Mark Bargen  

"Are There Elves Here?" by Mark Bargen

May 2022 - "Are There Elves Here?"

May 2022 - Mark Bargen


About the Image(s)

From the Kancamagus Scenic Byway, which cuts across the White Mountain National Forest in New Hampshire, it's an easy fifteen minutes hike to Sabbaday Falls. The trail ambles alongside the Sabbaday Brook and continues for several miles beyond the Falls. Last Autumn, my photo objective was the Falls proper; I've shared an image of the flume at the bottom of the Falls made on that occasion. Returning to the car in late afternoon, I remembered to frequently turn and look back up the brook and was rewarded with this glimpse of light breaking through the dense woods. It felt magical. I hastily grabbed a couple of shots and the light was gone.

Canon EOS R5, 1/6 second at f/7.1, ISO 125 105mm using RF24-105 F4 L IS USM, cropped in post to approximately 3/4 x 7/8.
Handheld (!)

The image is seriously technically flawed: the center of the image is soft and has blown out highlights. Ideally, I would have set up the tripod. I should have used a tighter aperture and a CPL. Handheld I would have had to bump the ISO to get the shutter speed fast enough. Still, there's much that I like about the image, and I very likely will attempt it again next year around the same time.

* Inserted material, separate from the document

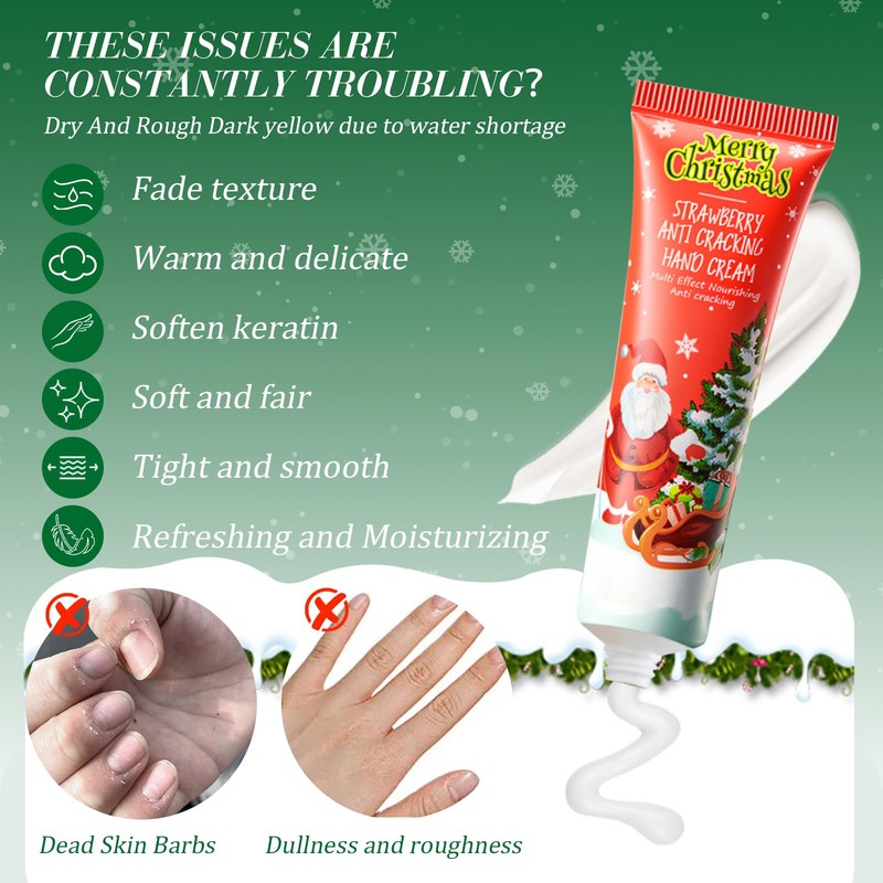 - [Christmas hand cream]: moisturising and nourishing, works against dehydration and ageing, helps reduce dry lines and fine lines on the hands, improves dryness, rough skin and other problems, and makes hands soft and smooth. Give your fingertips an elegant fragrance and delight body and mind.

The tale of post processing is something of a saga. The first chapter was all about establishing some tonal and hue balance using LrC, as well as the crop that stayed with me to the end. From there I was off to Topaz Sharpen AI, addressing different degrees of motion blur, softness, and good old fashioned out of focus issues, outputting four different files using different models, and stacking and blending them to suit in Ps. Back in Ps, first efforts were geared at toning down highlights, at least the ones I could. The scene is pretty chaotic, with skinny branches going every which-a-way; these I burned down by painting through selections based on a luminosity mask. Other distractions were dealt with by burning and/or desaturating. A lightly applied Orton effect, with its impact constrained using edge masking, helped restore much of the "magic" that got lost when I damped down the highlights (but it did exacerbate the problem with the bright mosses). I wanted some more red/orange in the floor of the forest; for this I used frequency separation and "color dodged" in some red/orange tones on the color layer. At this point, I was still aware of motion blur in the leaves and needles, so I took it back over to Sharpen AI to get yet another file, back into Ps to stack it in and blend it in very, very carefully. Having done that, I found still more distractions I needed to tone down, and cloned out some annoying rocks creeping in from the bottom.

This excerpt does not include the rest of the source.